Jack Henry & Associates, Inc. reported that it earned $18.7 million in deconversion revenue for the fiscal third quarter ended March 31, 2026. The figure represents a 205% increase from the $6.2 million recorded in Q2 FY2026 and a 94% year‑over‑year rise from the $9.6 million earned in Q3 FY2025, underscoring a sharp uptick in one‑time fees tied to client acquisitions.
Deconversion revenue is generated when a customer’s contract is terminated because the customer is acquired by another financial institution. The fee is considered a non‑core, one‑time income stream and is excluded from Jack Henry’s non‑GAAP revenue calculations. The surge in Q3 reflects heightened merger and acquisition activity in the banking and credit‑union sector, which has increased the number of contracts that are terminated and the associated fees.
In light of the Q3 result, management raised its full‑year FY2026 deconversion revenue guidance to $37 million, up from the prior $20 million forecast. The adjustment signals confidence that the trend of client acquisitions will continue through the remainder of the year, and it aligns the guidance with the current quarterly momentum.
While deconversion revenue is a non‑core component, the overall top‑line growth remains robust. Core revenue, which drives Jack Henry’s recurring business, grew 7.9% year‑over‑year in Q2 FY2026, and the company’s adjusted EBITDA margin expanded 280 basis points to 33.3% in the same period. The non‑core nature of deconversion fees means they do not distort the performance of the company’s core services, but they do add to cash flow and can influence short‑term earnings.
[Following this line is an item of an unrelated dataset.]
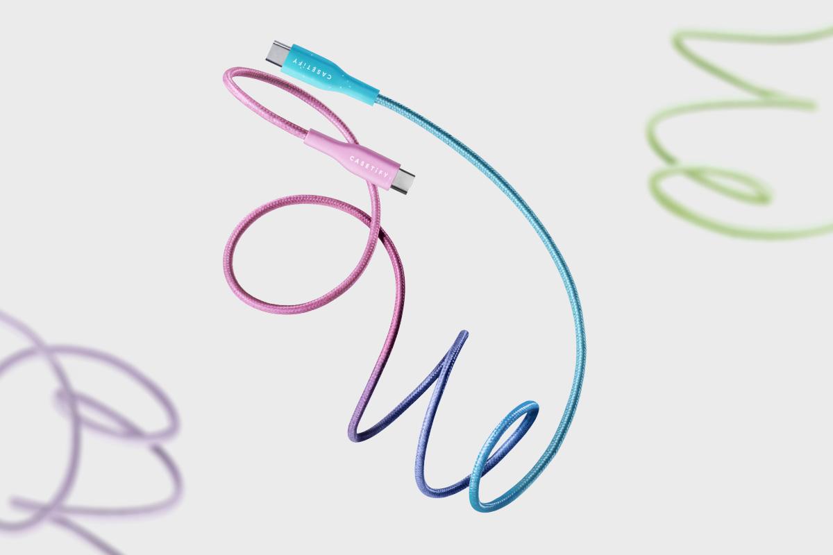 隨著 iPhone 15 系列新機全面改為 USB Type-C(又稱 USB-C)接口後,CASETiFY 也隨之推出了「PowerThru™ 充電線」,除了具備穩定快充的功能外,它採用弧形連接頭增強耐用性,並且以堅固耐磨的環保尼龍織繩所打造,更部分採用來自回收舊手機殼的 Re/CASETiFY™ 顆粒,兼具實用性與環境永續。「PowerThru™ 充電線」不僅推出 USB-C 至 USB-C 與 USB-C 至 Lightning兩種款式,皆支援所有 USB-C 接口的 Apple 產品,還有 1 公尺與 2 公尺兩種不同長度選擇,以及黑色、棉花糖色、薰衣草色與薄荷綠色等四種顏色,售價為新台幣 770 元,若搭配 CASETiFY 手機殼一起入手還可享有現折 150 元優惠。

Analysts responded positively to the announcement, noting the significant beat in deconversion revenue and the upward revision of the full‑year guidance. The market reaction highlighted the company’s ability to capture one‑time fees from industry consolidation while maintaining strong execution in its core banking and payments solutions.
The event illustrates how industry consolidation can create opportunistic revenue streams for technology providers like Jack Henry, and it reinforces management’s confidence in sustaining higher deconversion revenue levels throughout FY2026.